[Listed entries]
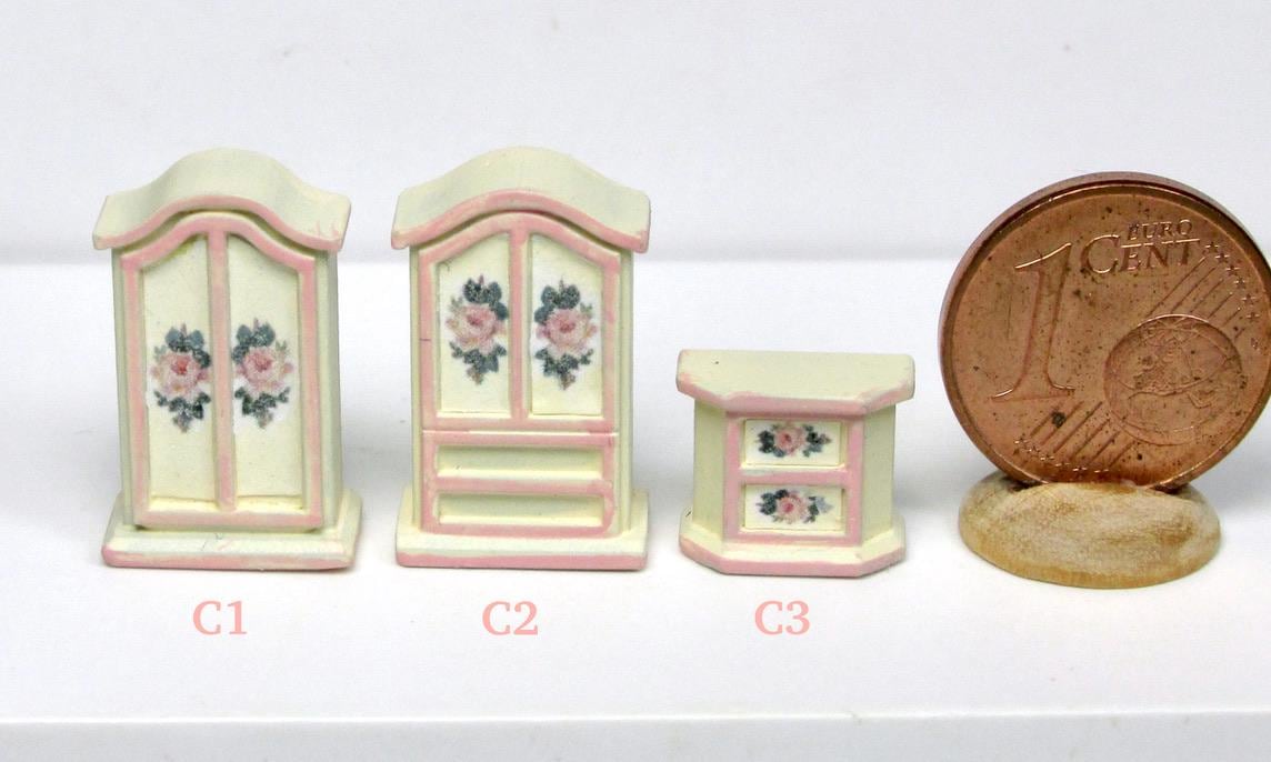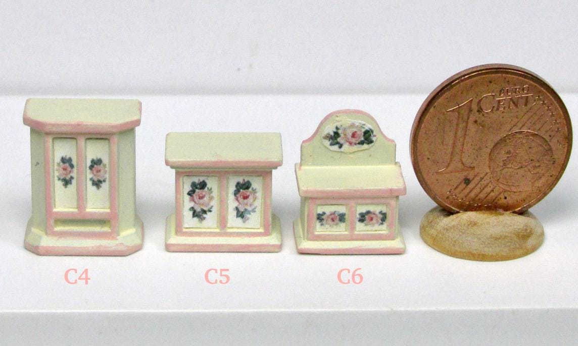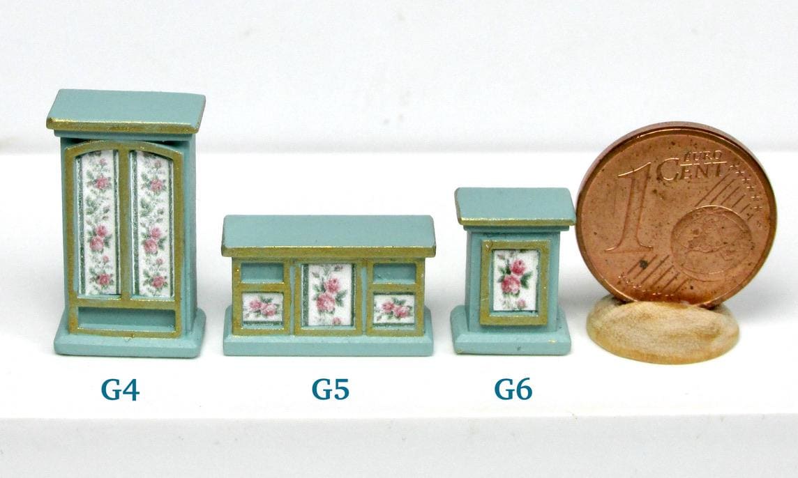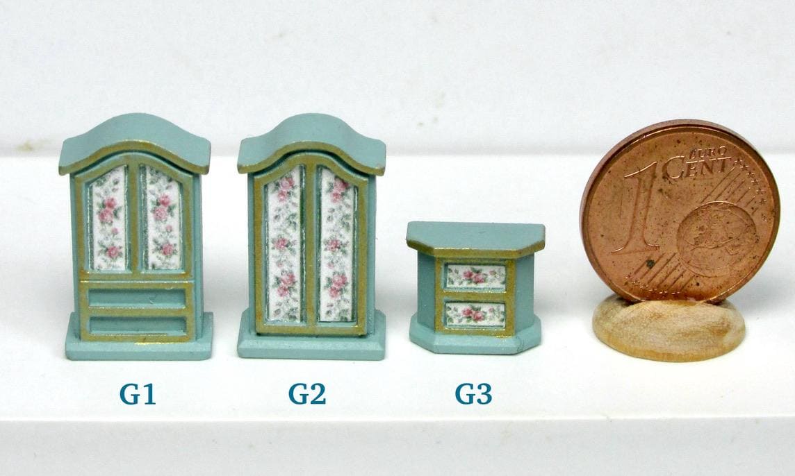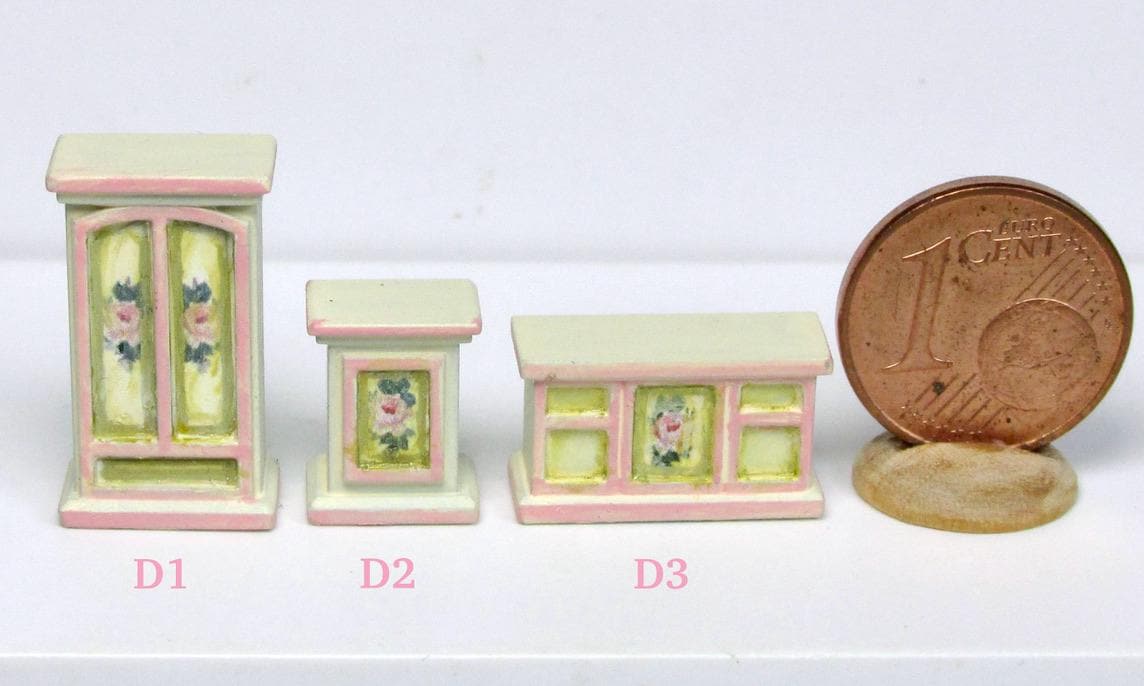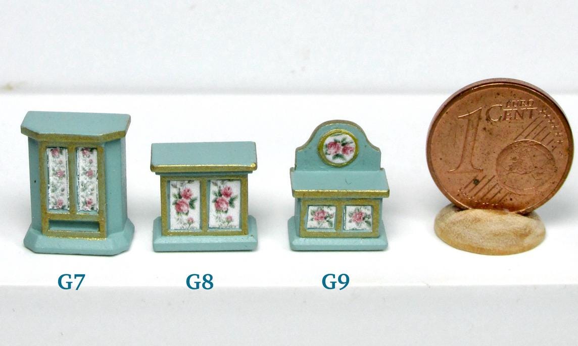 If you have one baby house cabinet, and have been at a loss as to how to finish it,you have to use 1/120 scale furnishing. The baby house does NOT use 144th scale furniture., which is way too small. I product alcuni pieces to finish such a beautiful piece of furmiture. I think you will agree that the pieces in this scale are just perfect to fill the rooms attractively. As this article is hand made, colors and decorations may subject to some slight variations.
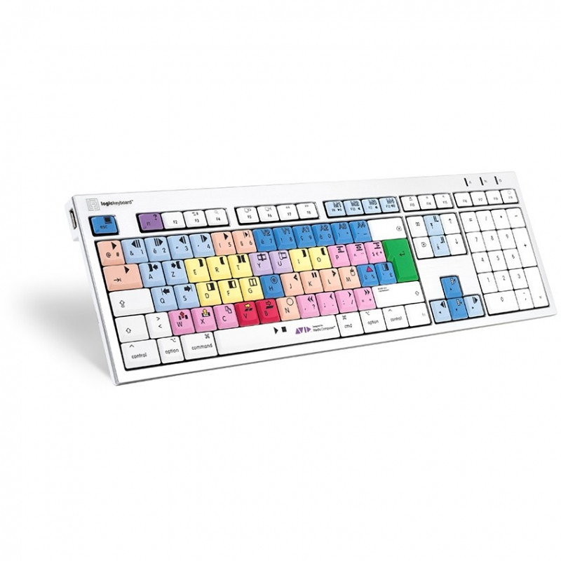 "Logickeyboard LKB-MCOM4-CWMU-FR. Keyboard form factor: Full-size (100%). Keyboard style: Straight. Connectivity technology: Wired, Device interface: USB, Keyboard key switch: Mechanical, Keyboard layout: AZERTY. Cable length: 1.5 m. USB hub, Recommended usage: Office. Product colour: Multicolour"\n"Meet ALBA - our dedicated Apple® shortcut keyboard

* * *

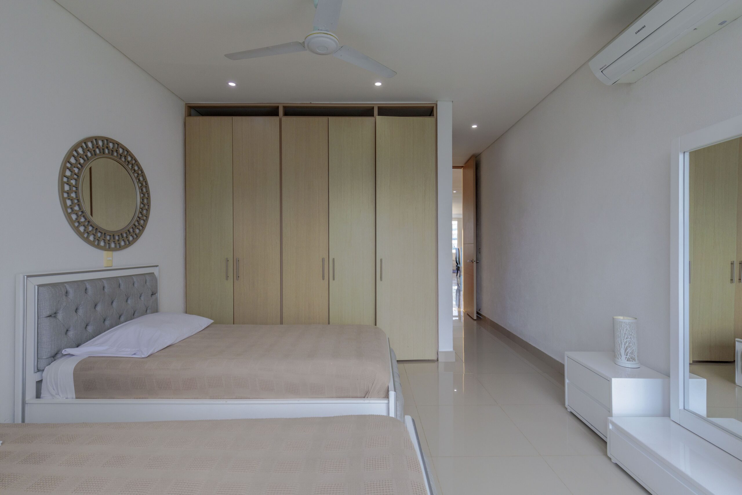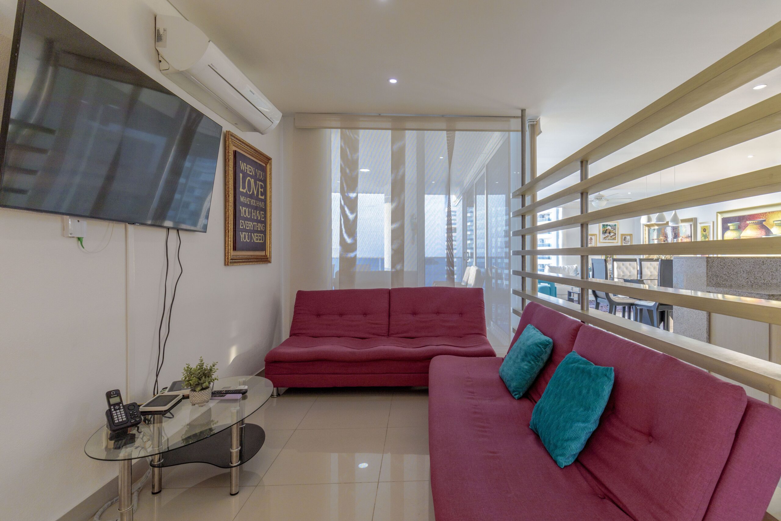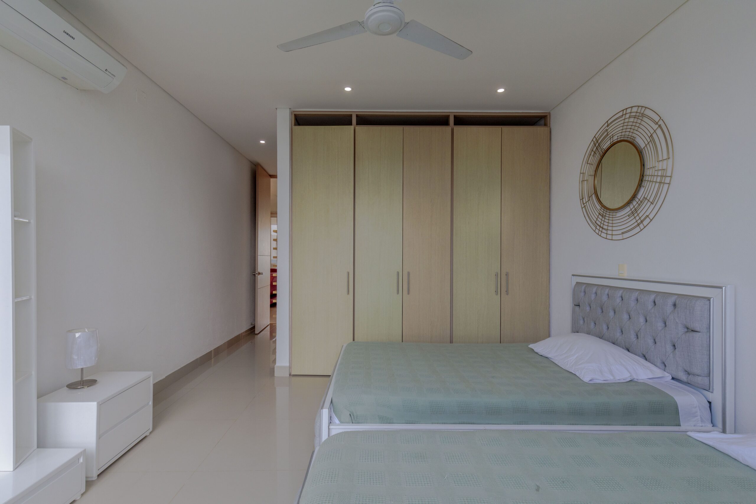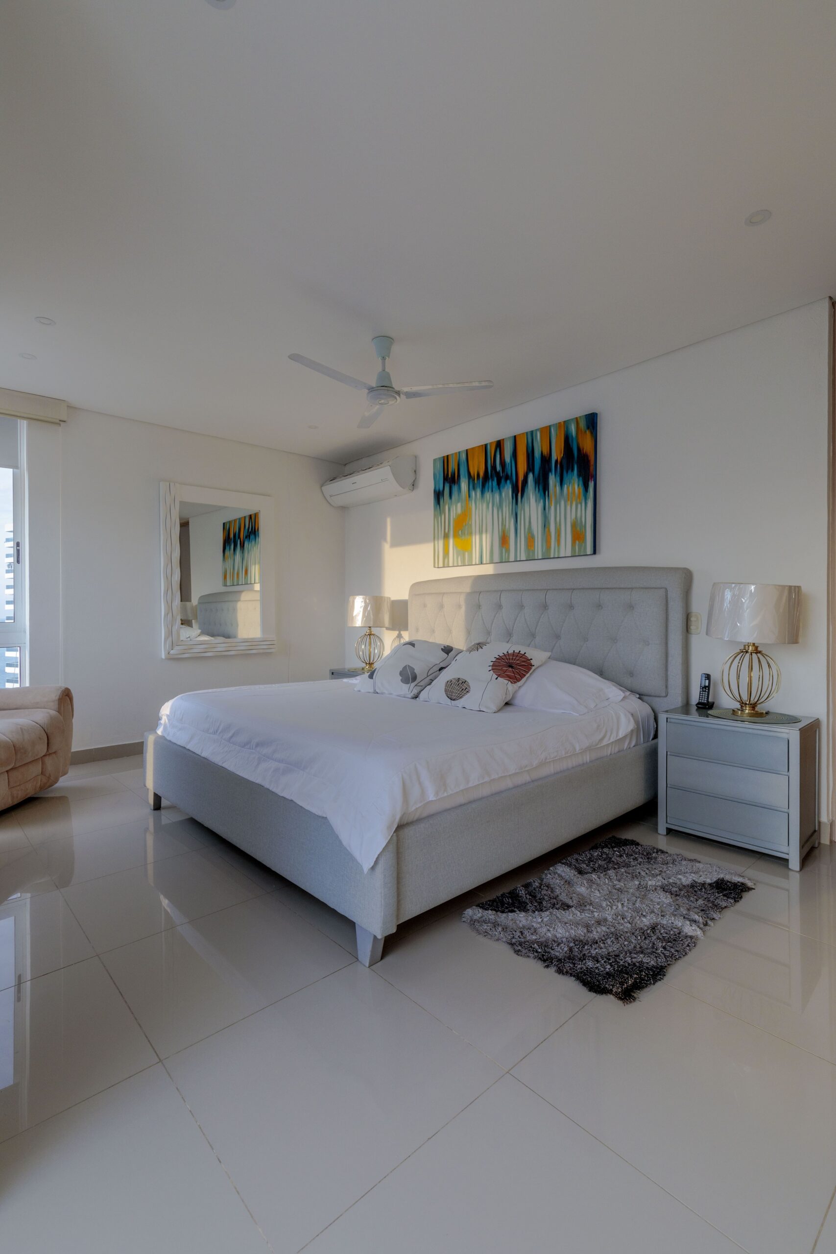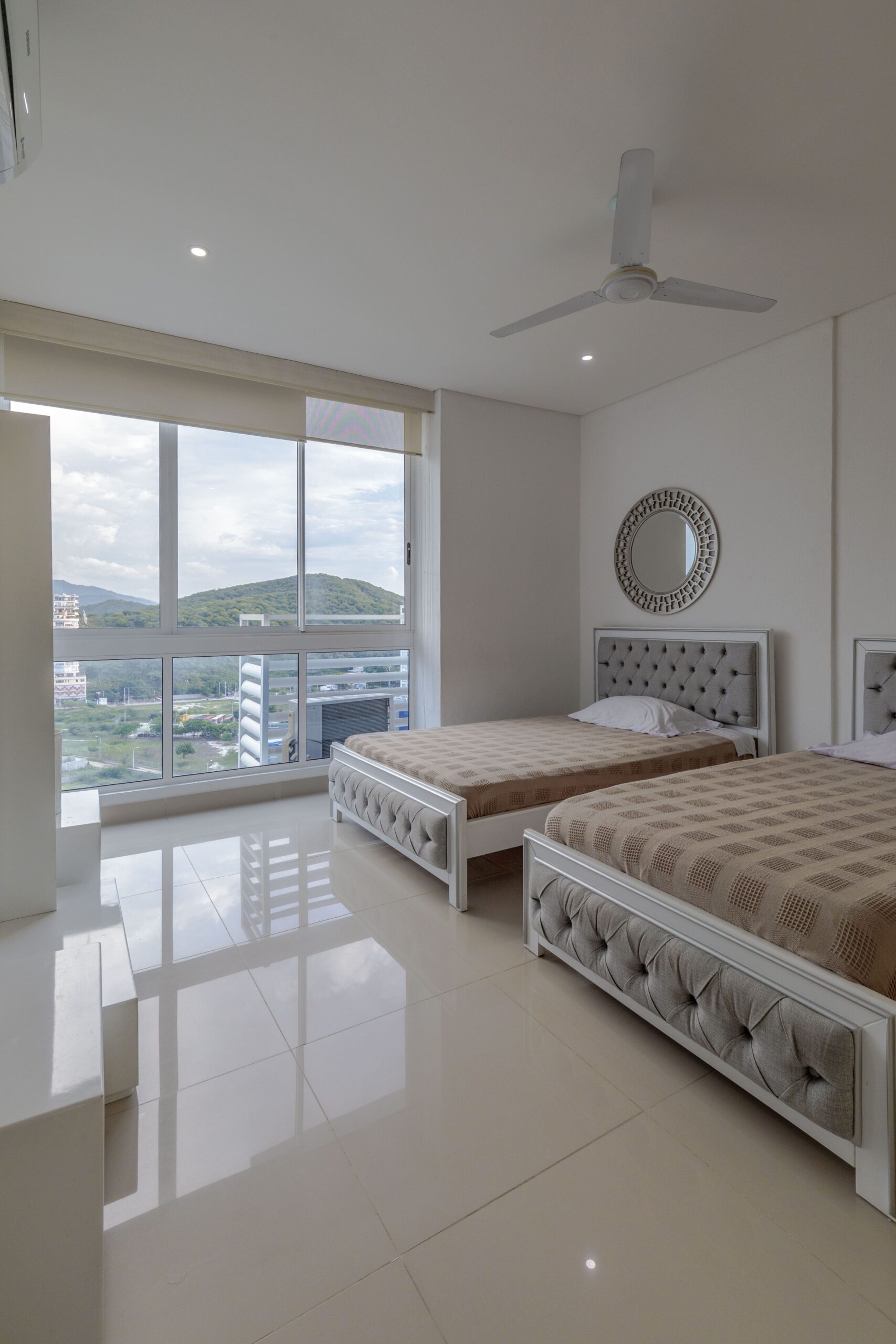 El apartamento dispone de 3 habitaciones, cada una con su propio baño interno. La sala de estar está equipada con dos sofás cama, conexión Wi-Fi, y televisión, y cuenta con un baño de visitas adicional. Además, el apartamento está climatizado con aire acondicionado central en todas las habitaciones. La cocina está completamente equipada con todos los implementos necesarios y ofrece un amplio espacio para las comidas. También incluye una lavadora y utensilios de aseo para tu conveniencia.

---

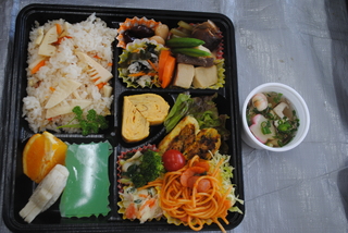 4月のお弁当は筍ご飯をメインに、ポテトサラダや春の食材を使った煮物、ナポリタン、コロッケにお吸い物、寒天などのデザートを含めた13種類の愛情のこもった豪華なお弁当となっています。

[Action item] Give again the stretch of the entries above that begins at the line with "If you have" and ends at the line with "Apple® shortcut keyboard", word for word, with no pictures.

[Output for this exercise]
 If you have one baby house cabinet, and have been at a loss as to how to finish it,you have to use 1/120 scale furnishing. The baby house does NOT use 144th scale furniture., which is way too small. I product alcuni pieces to finish such a beautiful piece of furmiture. I think you will agree that the pieces in this scale are just perfect to fill the rooms attractively. As this article is hand made, colors and decorations may subject to some slight variations.
 "Logickeyboard LKB-MCOM4-CWMU-FR. Keyboard form factor: Full-size (100%). Keyboard style: Straight. Connectivity technology: Wired, Device interface: USB, Keyboard key switch: Mechanical, Keyboard layout: AZERTY. Cable length: 1.5 m. USB hub, Recommended usage: Office. Product colour: Multicolour"\n"Meet ALBA - our dedicated Apple® shortcut keyboard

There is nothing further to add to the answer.